File can't be found in a small fraction of submitted jobs

131 Views Asked by At

I'm trying to run a very large set of batch jobs on a RHEL5 cluster which uses a Lustre file system. I was getting a strange error with roughly 1% of the jobs: they could't find a text file they are all using for steering. A script that reproduces the error looks like this:

#!/usr/bin/env bash

#PBS -t 1-18792
#PBS -l mem=4gb,walltime=30:00
#PBS -l nodes=1:ppn=1
#PBS -q hep
#PBS -o output/fit/out.txt
#PBS -e output/fit/error.txt

cd $PBS_O_WORKDIR
mkdir -p output/fit
echo 'submitted from: ' $PBS_O_WORKDIR 

files=($(ls ./*.txt | sort)) # <-- NOTE THIS LINE

cat batch/fits/fit-paths.txt

For some small fraction of jobs, the error stream output would show:

cat: batch/fits/fit-paths.txt: No such file or directory

Weird enough, but it gets stranger.


When I change the files=($(ls ./*.txt | sort)) line to

files=($(ls batch/fits/*.txt | sort))

The jobs run without errors! Needless to say, this is far from satisfying: I'd rather not have my jobs depend on black magic (although black magic is better than no magic).
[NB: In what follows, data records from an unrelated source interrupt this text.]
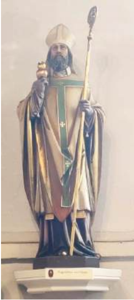
Museum Kranenburg- Vorden, foto: Pieter Renkens ←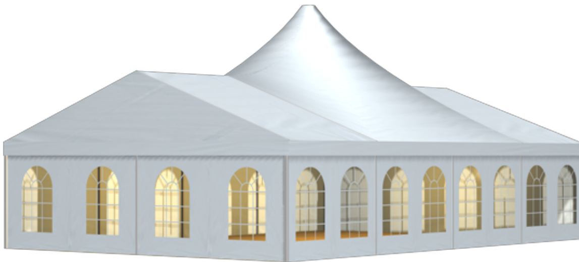
篷房俯视图与侧视图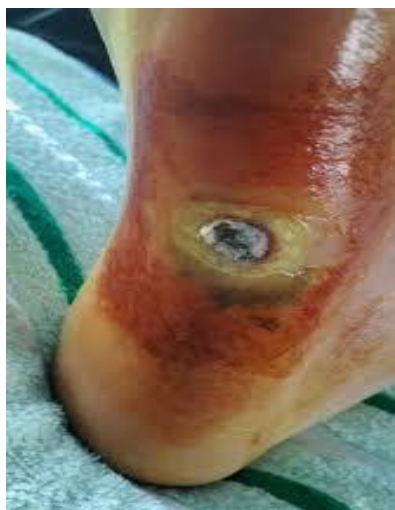
Slika 2.1.1. prikaz gangrene koja se razvila kao komplikacija na mjestu venskog ulkusa na peti

Arterijski ulkus je vrsta kronične rane koja nastaje zbog smanjenog protoka krvi u arterijama donjih ekstremiteta, obično kao posljedica periferne arterijske bolesti. Glavni uzrok arterijskih ulkusa je ishemija – nedostatak kisika i hranjivih tvari u tkivima uzrokovan suženjem ili blokadom arterija, često uzrokovanih aterosklerozom. Ključne karakteristike arterijskih ulkusa prema lokalizaciji su javljanje na područjima s minimalnim mekim tkivom, poput prstiju stopala, pete ili gležnja. Mogu se pojaviti i na mjestima pritiska, primjerice na strani stopala ili na potkoljenici. Prema izgledu su duboki, s jasnim rubovima i nekrotičnim (mrtvim) tkivom unutar rane. Koža oko ulkusa može biti suha, sjajna i hladna zbog nedostatka cirkulacije. Ulkus je često bolan, osobito noću ili kad je noga podignuta, jer je protok krvi još više ograničen u tim uvjetima. Simptomi koji su prisutni kod pacijenata obično su bol, osobito tijekom aktivnosti, jer mišići nogu ne dobivaju dovoljno kisika. Bol može postati stalna i intenzivna kako se stanje pogoršava. Komplikacije koje mogu nastati kod arterijskih ulkusa su sporo ili nikako ne zacjeljivanje zbog loše prokrvljenosti, a visoki rizik od infekcija može dovesti do ozbiljnih komplikacija poput gangrene, kao što je prikazano na slici 2.1.1.[4]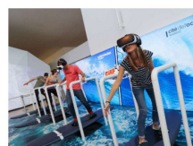
CITÉ DE L'OcéAN Biarritz EN SAVOIR PLUS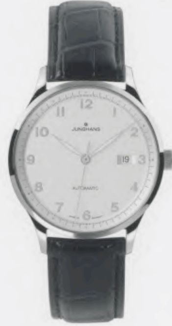
Attaché Automatic 027/4540.00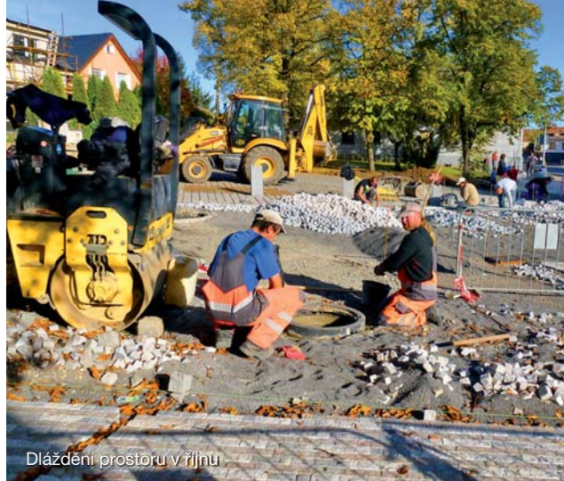
Díždění prostoru v říjnu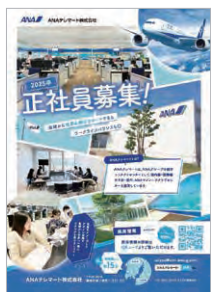
1P展開(例:ANAテレマート)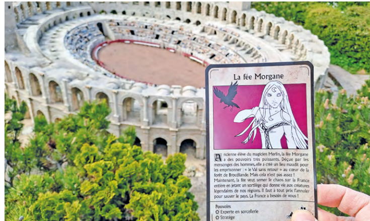
Les visiteurs utilisent des cartes les envoyant devant certaines maquettes de monuments, et doivent résoudre différentes sortes d'énigmes.

Dans La France des légendes, proposée depuis cette année, les visiteurs doivent déjouer le sortilège de la fée Morgane en résolvant des énigmes dans tout le parc à l'aide de cartes et de QR codes.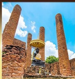
วัดธรรมิกราช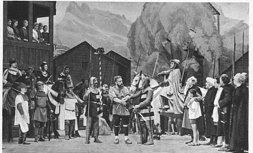
Apfelschuss. Tellspiele in Altdorf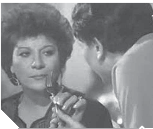
عايدة عبدالعزيز في مشهد من فيلم النمر والأثني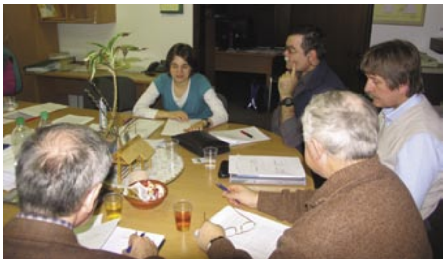
Na izobraževanju.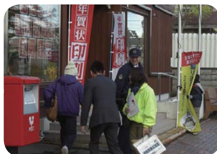
街頭啓発（太美郵便局前）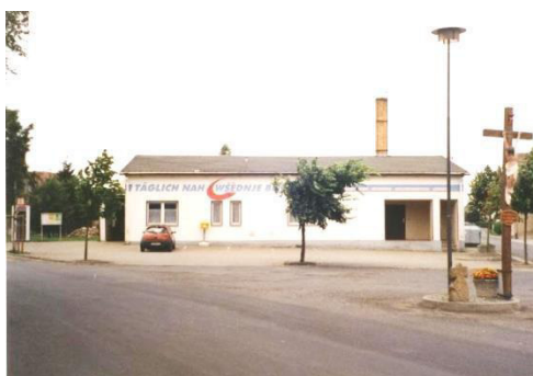
Parkowanišće lěkarskeje praksy a cyrkwe

Tež na polu dróhotwara je so tójšto hibało: Tak bu wokrjesna dróha K 9225 přez wjes wot Budyskeho wokrjesa wutwarjena. Nimo toho buchu chódniki a nowe nadróžne wobswětlenje twarjene. Wokrjesnu dróhu K 9225 mjez Ralbicami a Nowoslicami je wokrjes dospołnje ponowił.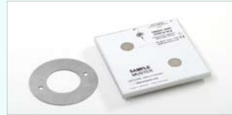
Magnethalterungen mit Haftblechen zur Wandbefestigung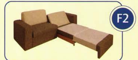
Liegehöhe ca. 30 cm mit 13-fach verstellbarem Kopfteil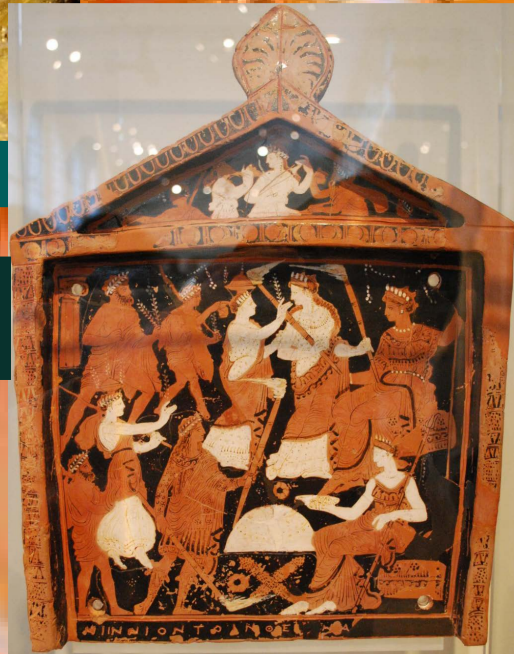
Pínox o placa pintada de figuras rojas, ofrecida por Ninnion a Deméter en Eleusis, 350-300 a.C. Museo Arqueológico Nacional, Atenas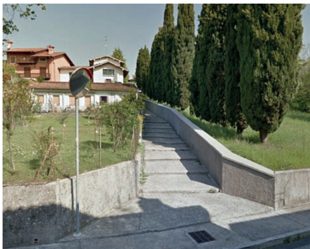
Lestans, punto di partenza della 'Via dei Carnici Antichi'.

costruita dai romani che partiva da Concordia ed era diretta in Germania. A parer suo, essa giungeva al guado sul Tagliamento tra Pinzano e Ragogna, passava oltre e si riuniva alla grande via che portava da Aquileia alla terra dei Nori. Egli la chiamò impropriamente 'via Giulia', perché allora si usava dedicare le strade romane a Giulio Cesare, ma la strada era scomparsa o quantomeno invisibile. Ne testimoniavano però la presenza i tanti insediamenti romani che apparivano qua e là e poi, di seguito, i toponimi con la desinenza in "ano": Provesano, Barbeano, Tauriano.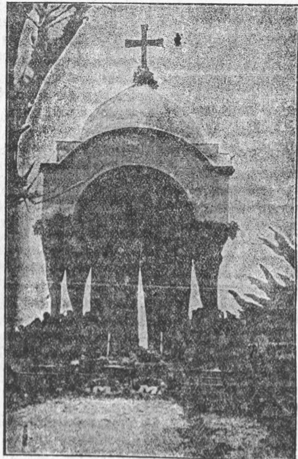
BALDACHINUL ÎNAINTE DE A FI ARS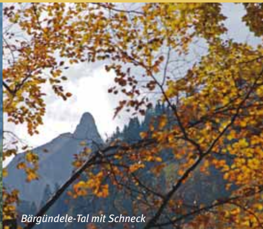
Bärgündele-Tal mit Schneck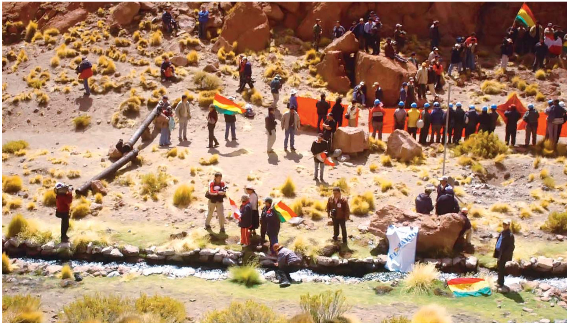
EL ESTADO CHILENO DEBE RESOLVER CON BOLIVIA EL USO ILEGAL DE LAS AGUAS DEL MANANTIAL DEL SILALA, QUE HACE DESDE HACE DÉCADAS NO REALIZA PAGO ALGUNO.

• Existe una agenda densa en las relaciones boliviano-chilenas. El tratamiento de las aguas internacionales del Lauca y del Silala son también parte de la agenda de 13 puntos que se acordó tratar entre ambos países en 2006. La relación bilateral contempla más que el asunto marítimo.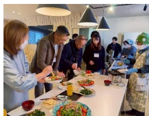
畑の恵みを豪華ランチで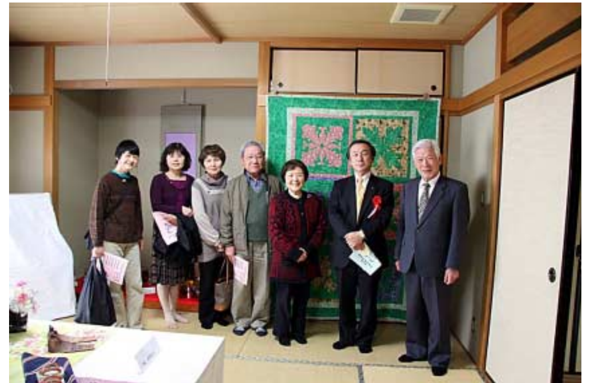
工芸・手芸23(山本・井上県議・古市区長・他)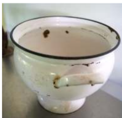
Sopera de peltre de los años '50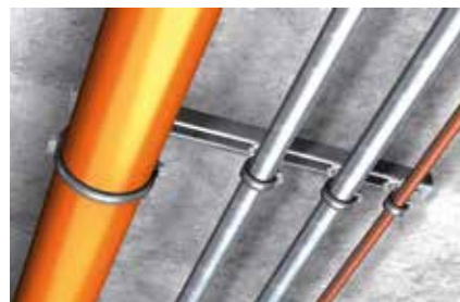
Fissaggio tubazioni a soffitto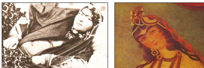
تصویر ۷- زن با شال و کلاهک جواهرنشان بر فرم جقه، دوره فتحعلی‌شاه [۴۹، ص ۲۳]. تصویر ۸- انیس‌الدوله (همسر ناصرالدین‌شاه) در پوشش چارقد و حلقه گل [۱۷، ص ۳۲]

مشخص است که این رکن در دوره فتحعلی‌شاه جنبه کاربردی- همراه با تزیین- داشته، ولی در دوره بعد- هم‌زمان با مُد شلیته‌های کوتاه- تا حد زیادی جایگاه خود را از دست داد- عنوان «چارقد» به خود گرفت- و یکی از سرپوش‌های اصلی زنان اندرونی شد (تصویر ۸). چارقد عبارت بود از پارچه‌ای نازک و مربع‌شکل که از قطر مربع تا می‌شد و به مثلث تبدیل می‌شد، سپس آن را طوری روی سر قرار می‌دادند که زاویه قائمه پشت سر قرار بگیرد و در جلو به اندازه گردی صورت، آن را به کمک سنجاق زیر چانه محکم می‌کردند. به دلیل اینکه چارقدها- در مقایسه با کلاهک و توری- شکلی ساده‌تر داشتند، زنان با ابتکاری همچون «چارقد قالبی» ۲ تا حدودی بُعد تزیینی سربند را- که از گذشته مرسوم بود- حفظ کردند.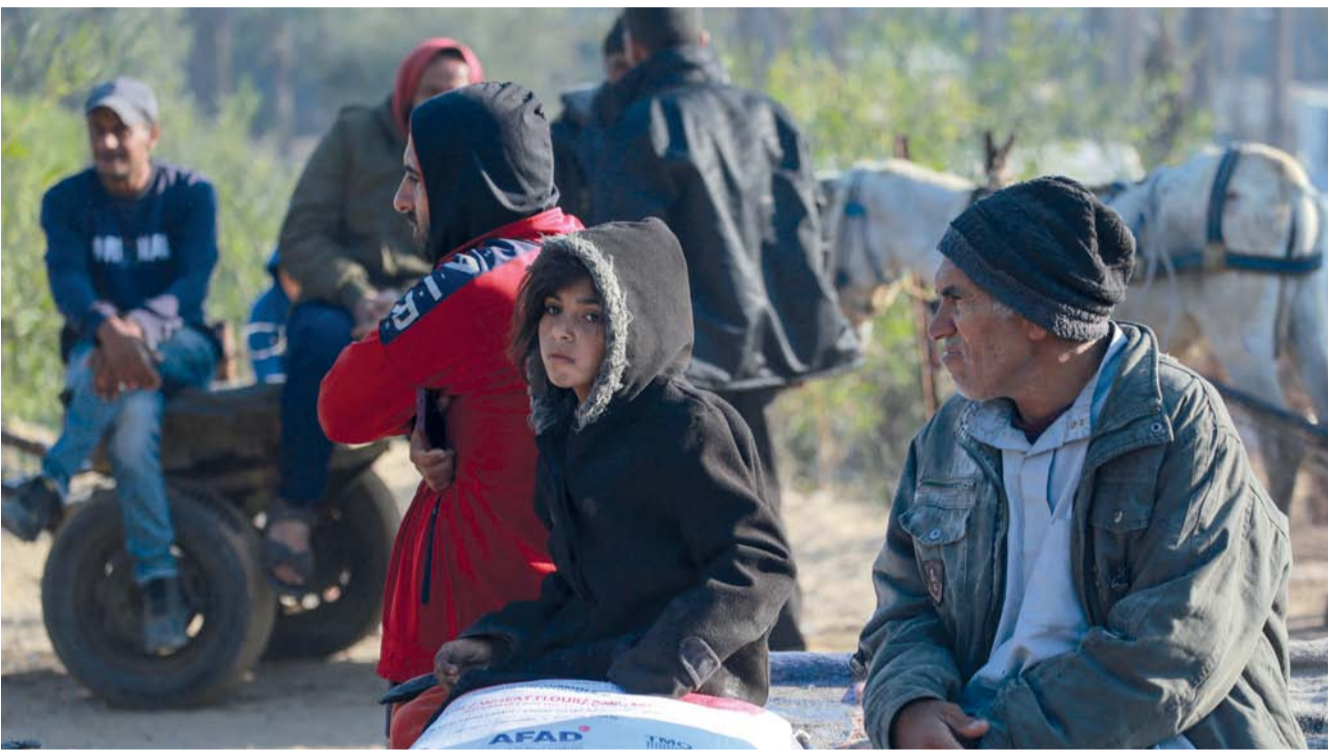
فلسطينيون يتسلمون أكياس الطحين التي وزعتها وكالة (الأونروا) في مدينة خان يونس جنوب قطاع غزة.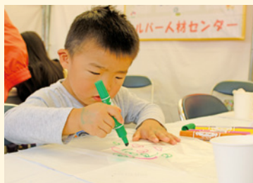
“紙コップおぼけ”工作中

大刀洗町ドリームまつりで、小学生以下の子供を対象とした工作教室(ビーズストラップ・紙コップおぼけ・ふわふわボールの作成)を開催しました。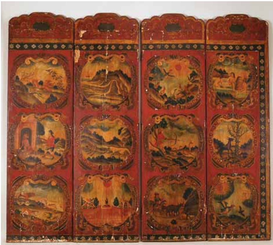
414 BIOMBO DE QUATRO FOLHAS , madeira lacada, decoração policromada "Cenas europeias do quotidiano", Europa, séc. XIX, mau estado Dim. - 200 x 56 cm (cada folha) € 600 - 900

Any idea what's going on here?

1

There are 1 best solutions below

0
On

Try replacing

files=($(ls ./*.txt | sort))

with

files=(./*.txt)

Normally, the shell automatically sorts glob results, and – in contrast to parsing ls(1) output, which should never be done in portable shell scripts – handles quoting of special characters correctly.

Although this is only an issue if you ever have files with certain shell metacharacters in them. Candidates here are space, tab, newline and possibly carriage return.